ThomasC · Accepted Answer · 2014-08-13 12:10:18Z

I managed to retrieve the values using aggregations, as stated in my previous comment.

Here follows how I did this.

First, the mapping I used :

PUT test/movie/_mapping
{
  "properties": {
    "title":{
      "type": "string",
      "index": "not_analyzed"
    },
    "ratings": {
      "type": "nested"
    }
  }
}

I chose not to index the title, but you could use fields attribute and keep it as a "raw" field.

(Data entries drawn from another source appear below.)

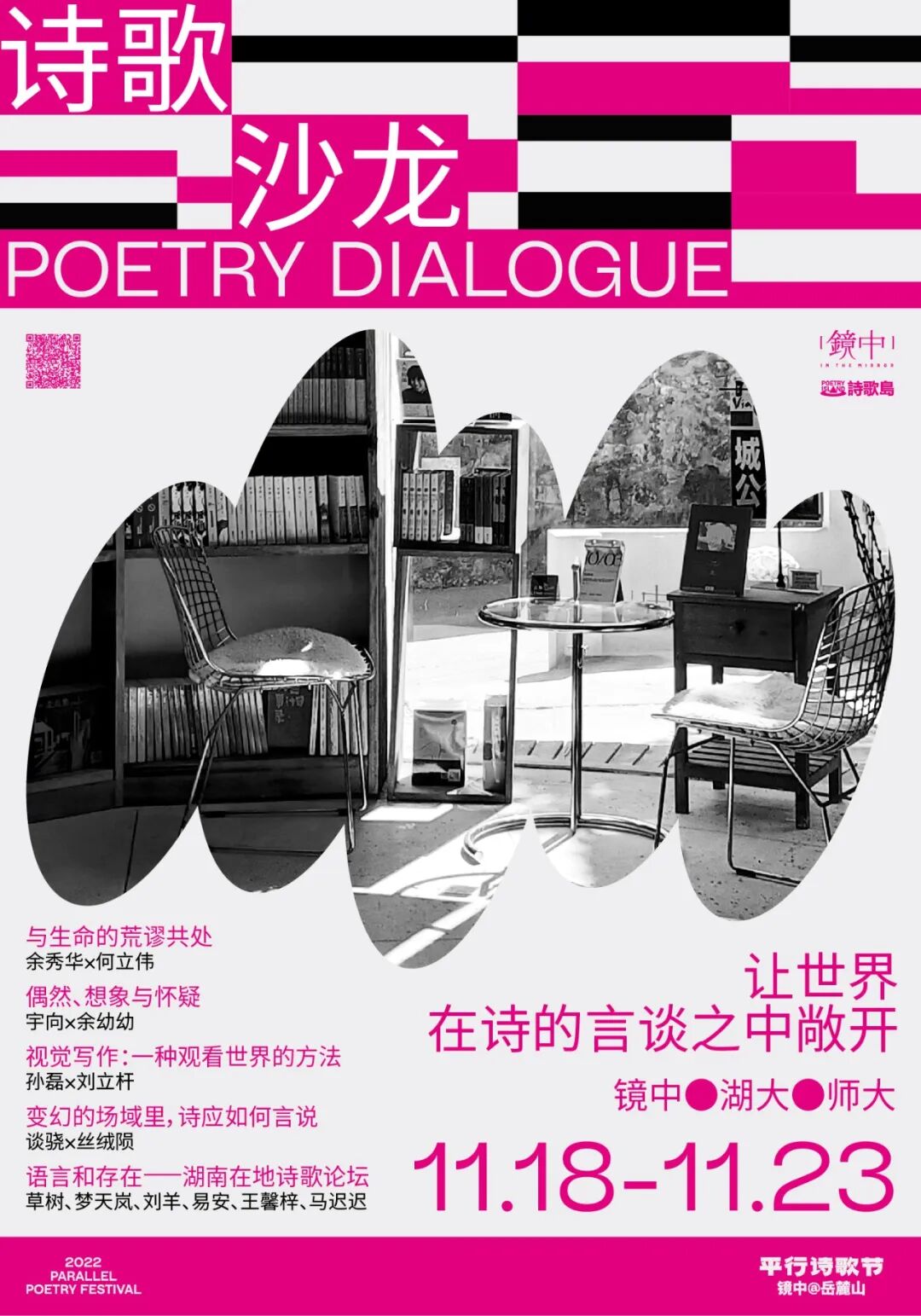 「平行诗歌节」是岳麓山诗歌行动的起点,也是城市人文品牌「镜中」与文艺聚合平台「诗歌岛」携手,为不确定的人世间构筑搭建的「诗的同温层」。
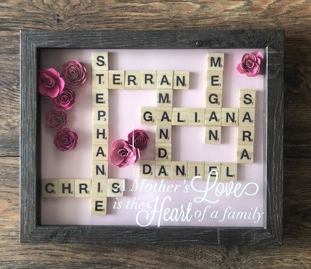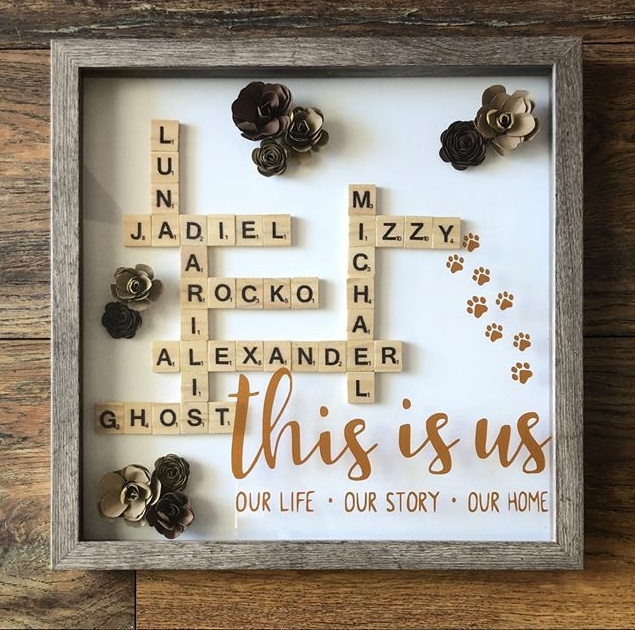 Scrabble In Deutschland war das Spiel sehr schnell ein Erfolg, Doch mit den kleinen Steinchen mit Buchstaben kann man Ein Familienrahmen mit allen Namen zum Beispiel.
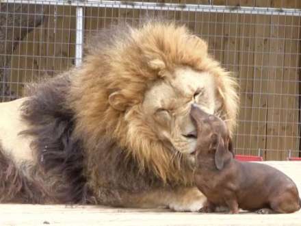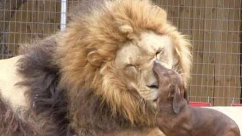 VIDEN, HYGGE & VIDEO: En handicappet løve, en handicappet dyrepasser og tre omsorgsfulde gravhunde.
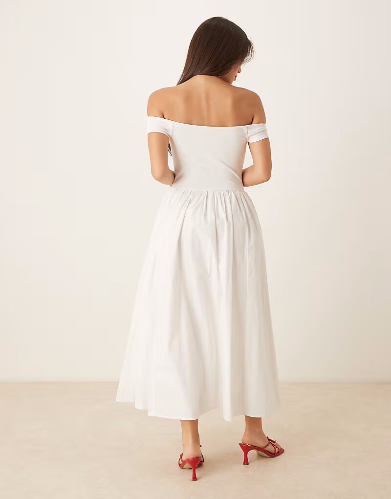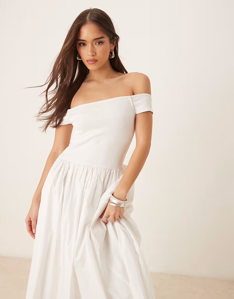 Платье-миди с вырезом-бардо Nobody's Child белого цвета

Then, the movies indexed :

PUT test/movie/6629
{
  "title": "Fight Club",
  "ratings" : [
    { "user_id" : 1234, "rating_value" : 3 },
    { "user_id" : 4567, "rating_value" : 2 },
    { "user_id" : 7890, "rating_value" : 1 }
  ]
}


PUT test/movie/4456
{
  "title": "Jumanji",
  "ratings" : [
    { "user_id" : 1234, "rating_value" : 4 },
    { "user_id" : 4567, "rating_value" : 3 },
    { "user_id" : 4630, "rating_value" : 5 }
  ]
}

PUT test/movie/6547
{
  "title": "Hook",
  "ratings" : [
    { "user_id" : 1234, "rating_value" : 4 },
    { "user_id" : 7890, "rating_value" : 1 }
  ]
}

The aggregation query is :

GET test/movie/_search
{
  "aggs": {
    "by_movie": {
      "terms": {
        "field": "title"
      },
      "aggs": {
        "ratings_by_user": {
          "nested": {
            "path": "ratings"
          },"aggs": {
            "for_user_1234": {
              "filter": {
                "term": {
                  "ratings.user_id": "1234"
                }
              },
              "aggs": {
                "rating_value": {
                  "terms": {
                    "field": "ratings.rating_value"
                  }
                }
              }
            }
          }
        }
      }
    }
  }
}

Finally, here is the output produced when executing this query against the previous documents :

"aggregations": {
  "by_movie": {
     "buckets": [
        {
           "key": "Fight Club",
           "doc_count": 1,
           "ratings_by_user": {
              "doc_count": 3,
              "for_user_1234": {
                 "doc_count": 1,
                 "rating_value": {
                    "buckets": [
                       {
                          "key": 3,
                          "key_as_string": "3",
                          "doc_count": 1
                       }
                    ]
                 }
              }
           }
        },
        {
           "key": "Hook",
           "doc_count": 1,
           "ratings_by_user": {
              "doc_count": 2,
              "for_user_1234": {
                 "doc_count": 1,
                 "rating_value": {
                    "buckets": [
                       {
                          "key": 4,
                          "key_as_string": "4",
                          "doc_count": 1
                       }
                    ]
                 }
              }
           }
        },
        {
           "key": "Jumanji",
           "doc_count": 1,
           "ratings_by_user": {
              "doc_count": 3,
              "for_user_1234": {
                 "doc_count": 1,
                 "rating_value": {
                    "buckets": [
                       {
                          "key": 4,
                          "key_as_string": "4",
                          "doc_count": 1
                       }
                    ]
                 }
              }
           }
        }
     ]
  }

}

It's a bit tedious because of the nested syntax, but you'll be able to retrieve the rating of the provided user (here, 1234) for each movie.

Hope this helps!

Thanks a lot for your reply. It works fine but I still face 2 issues : 1/ I cannot aggregate by movie id instead of movie title. 2/ I cannot set an offset ('from' in ES) for the aggregated results I get. For the moment I'm trying to solve those 2 issues - but thanks for pointing this path
1) this is because the id isn't indexed. You can solve this by adding an "id" field to your mapping and index it as "not_analyzed". Then, update the "by_movie" aggregation to relate to the "id" field.
2) According to the documentation, it seems that the from/size parameters are applied to the results, not to the aggregations.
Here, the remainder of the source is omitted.